KokoMind: A Multifaceted Evaluation Dataset of Social Interactions

KokoMind contains 150 complex multi-party social interactions (50 per source) with free-text questions and answers. To ensure diversity and scalability and avoid data contamination, all the social interactions, questions, and answers are generated by GPT-4 and verified by human experts later. These generations are based on three different sources:

🤖 GPT-4-only: This subset is created solely by GPT-4 through prompting, without grounding on existing sources.
🎦 Movie-based: To avoid data contamination, this portion of the data is grounded on diverse scenarios pulled from movies released after 2022. GPT-4 shapes these situations, maintaining the core essence while adding its own elements.
🧠 ToMi-based: This segment contains data backboned by a simulated dataset, ToMi, which involves moving physical objects to different places, a classic test for theory of mind. These social interactions are again embellished and expanded by GPT-4.

For each social interaction, we ask various questions designed to probe the following aspects of social understanding.

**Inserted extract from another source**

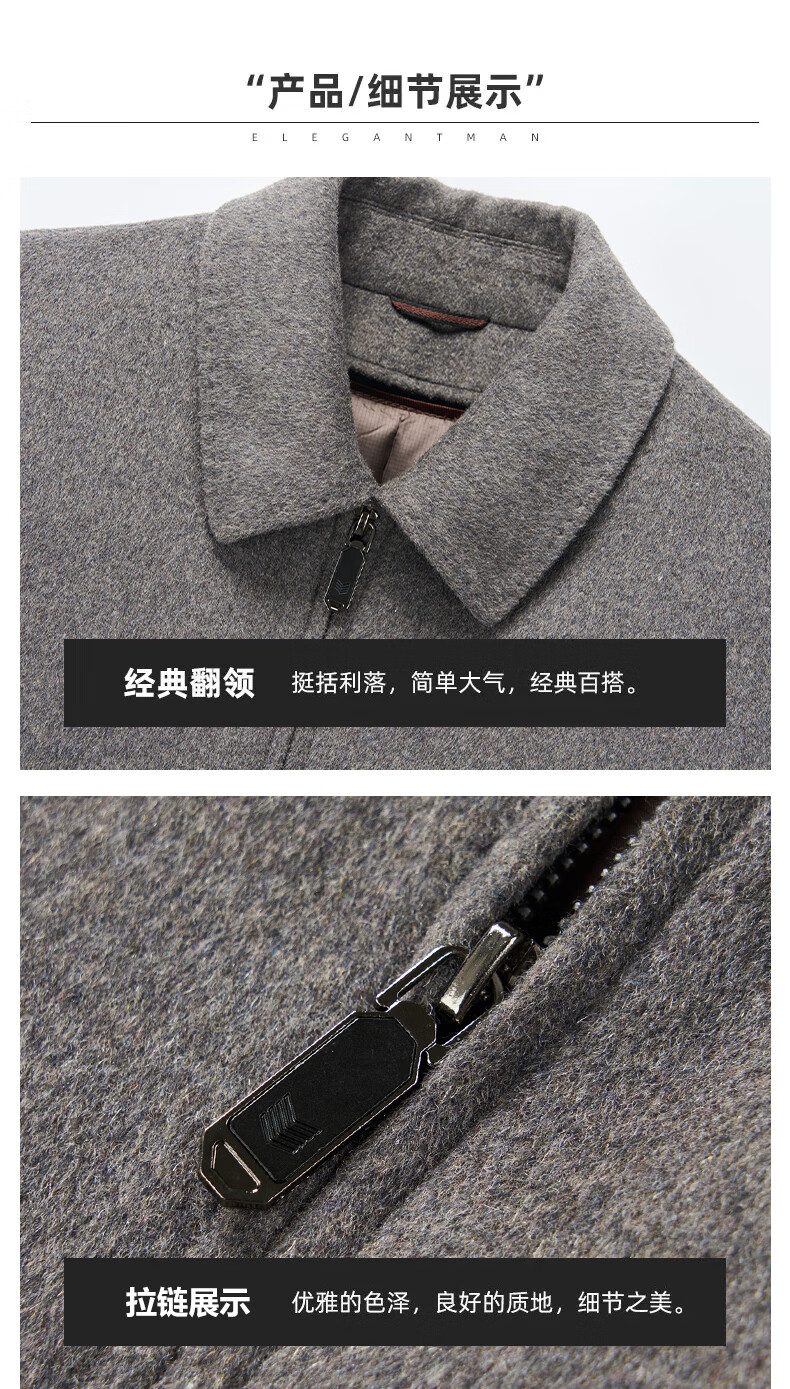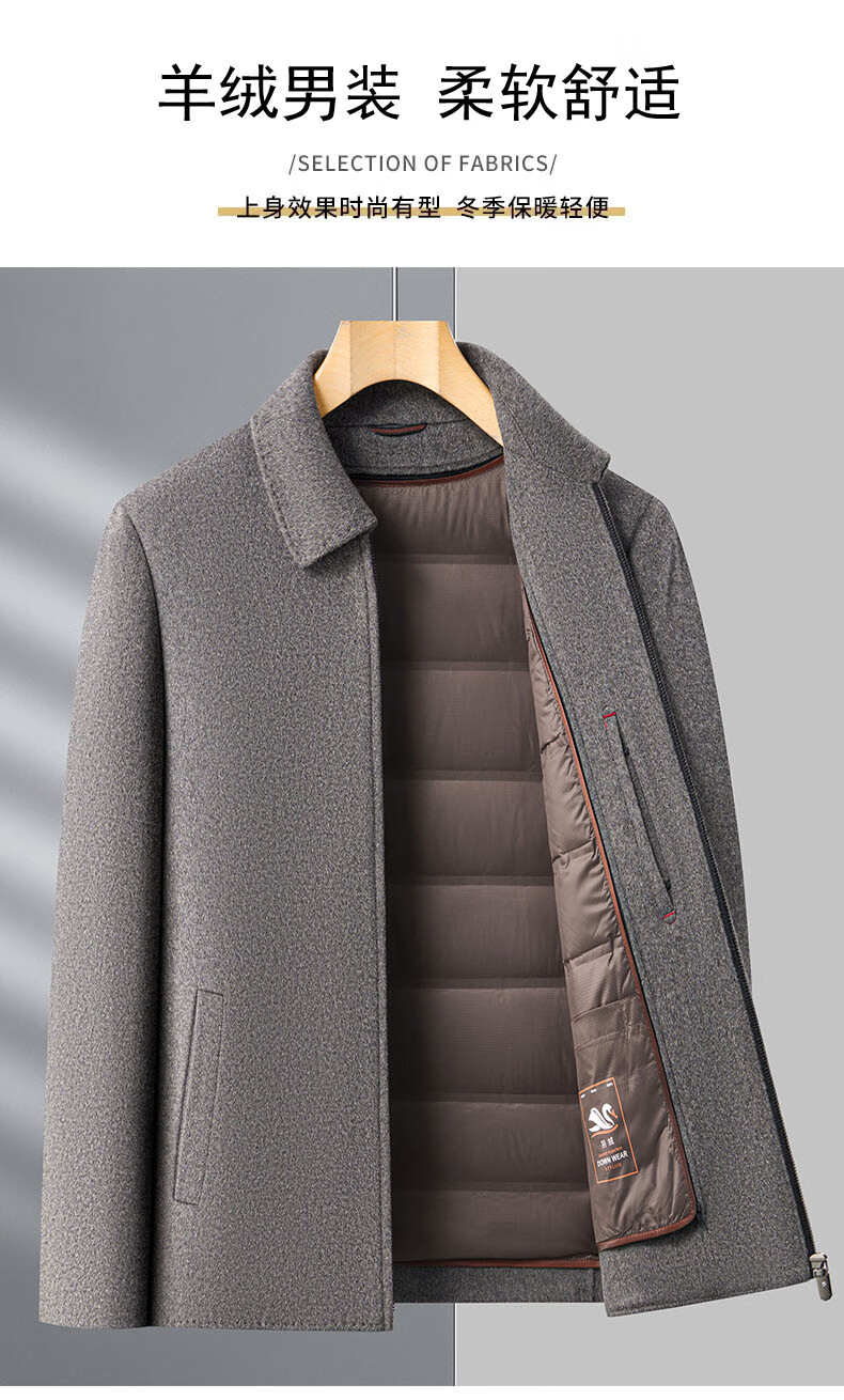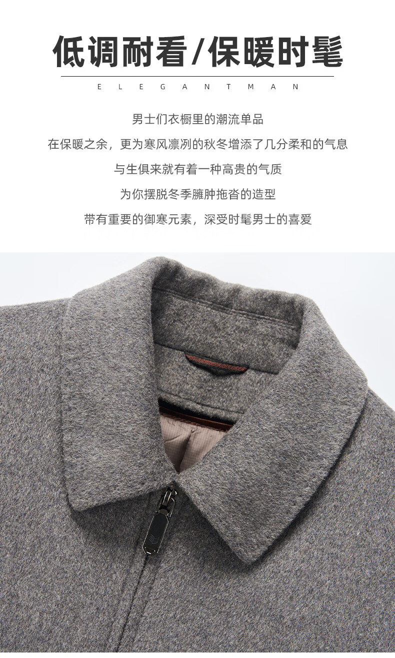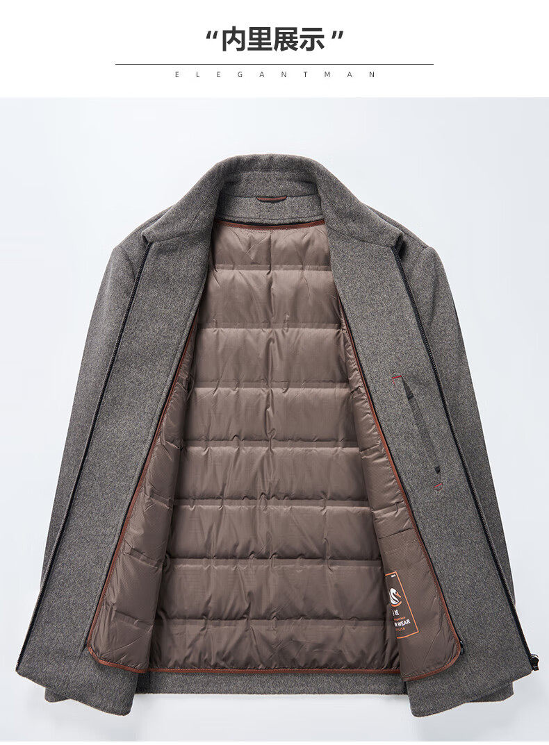 MONTAGUT autumn and winter double-sided cashmere jacket men's down liner thickened woolen woolen coat middle-aged dad's jacket men's khaki M 170-

🧠 Theory of Mind: Questions evaluating understanding of others' mental states and perspectives.
👍 Social Norm: Questions aiming to discern societal values and norms within the situations.
😃 Emotion Recognition: Questions targeted at identifying and understanding emotional elements within the context.
👨‍👩‍👧 Social Relation: Queries focusing on interpersonal dynamics and relationships.
🤔 Counterfactual Questions: Hypothetical queries designed to explore alternative outcomes or possibilities.
📝 Social Advice: Questions eliciting advice or action recommendations relevant to the given situation.

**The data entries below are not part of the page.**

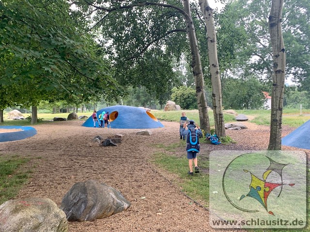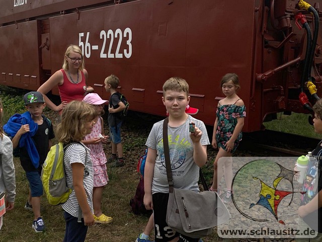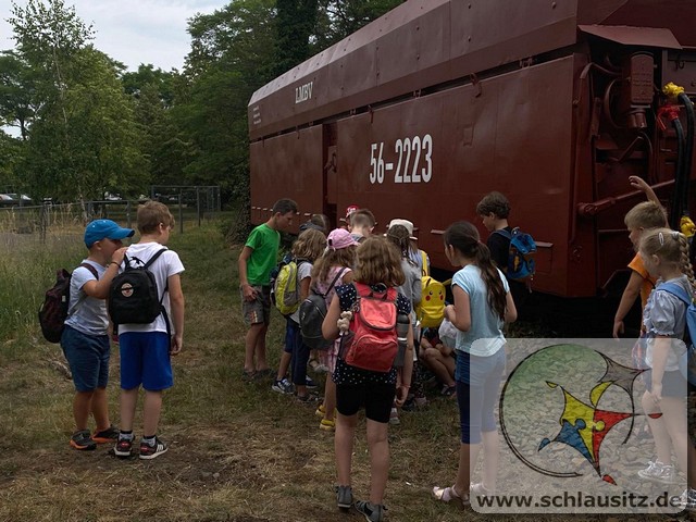 Am Montag erkundeten wir mit der Seeschlange das Lausitzer Seenland. Die kleine Bahn startete am Familienpark und fuhr bis zum rostigen Nagel, wo wir unser Mittagessen einnahmen. Anschließend waren wir noch auf dem Spielplatz in Großkoschen.
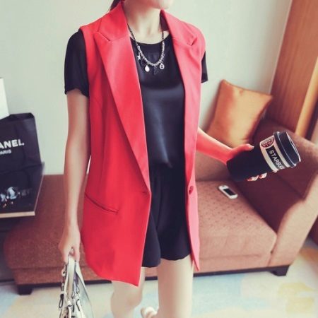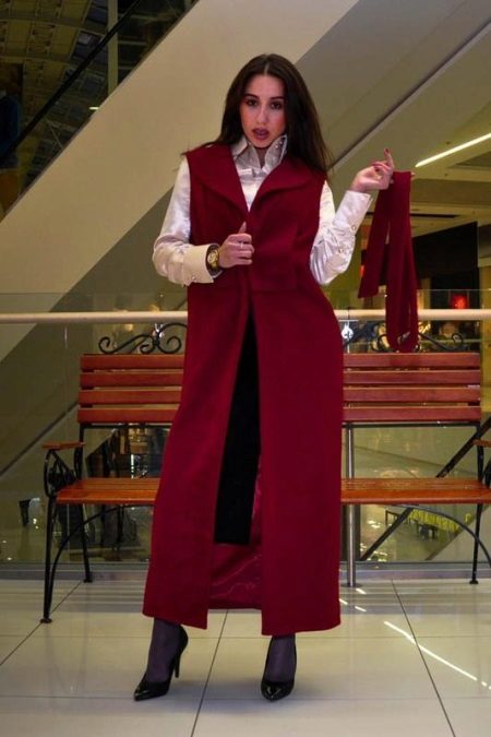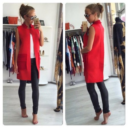 Red and its shades are always relevant. When choosing a red elongated sleeveless jacket, remember the rule of three colors.
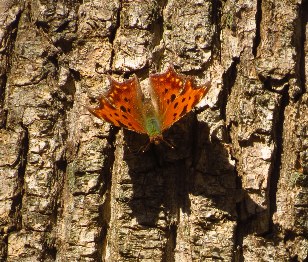 These amazing butterflies (Eastern comma butterfly) show up early on in the spring, and have a dark side to the outside of their wings. With wings closed, they camouflage well against the tree trunks. But when the wings open, surprise!
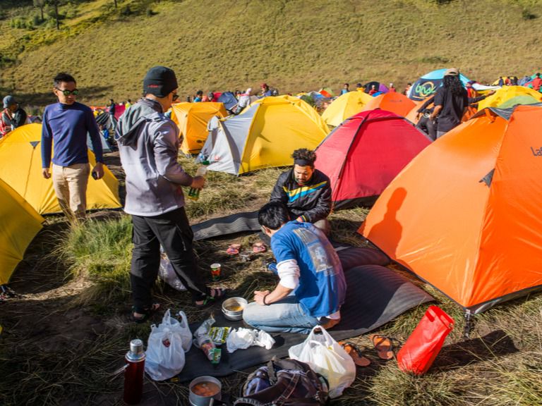 テントを設営する前にできる用事は先に済ませて、トイレやお風呂、ゴミ捨てなどは、極力短時間にまとめておこなうようにし、テントから離れる回数を減らすようにしましょう。
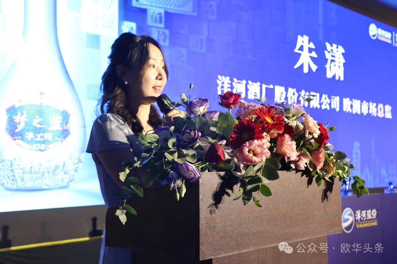 随后,江苏洋河酒厂股份有限公司欧洲市场总监朱潇发表讲话,她详细介绍了梦之蓝手工班的历史背景与酿造工艺。她指出,梦之蓝手工班由酿酒经验超过20年的老匠人全流程手工酿造,代表了中国白酒行业的顶级水准。

Check out these examples in KokoMind!

Interaction:

Jun (nervously sipping coffee Male 28 marketing executive): I simply don't understand why things got so heated...
Kyung (unsure Female 32 nurse): Maybe it's just a misunderstanding. Don't worry too much about it.
Min (displeased Male 24 student): I couldn't even hear what Ji-ho was whispering about earlier.
Hana (surprised Female 45 housewife): I must've missed that too.
Ji-ho (whispering to Hae-won Male 40 manager): You've noticed the tension too, right?
Hae-won (whispers back Female 35 teacher): Yes, Ji-ho. But I think it's best if we don't get involved.
Dae (jovial Male 55 gardener): Oh, come on, everyone! We're here to enjoy our time together.
Jin (quietly concerned Female 60 retired): I hope nothing worse happens out of this situation.
Eun (unaware of what's happening Male 22 barista): Enjoy your coffee and pastries!
Soo-min (troubled but smiling Female 52 artist): Let's try to put this behind us and think positively.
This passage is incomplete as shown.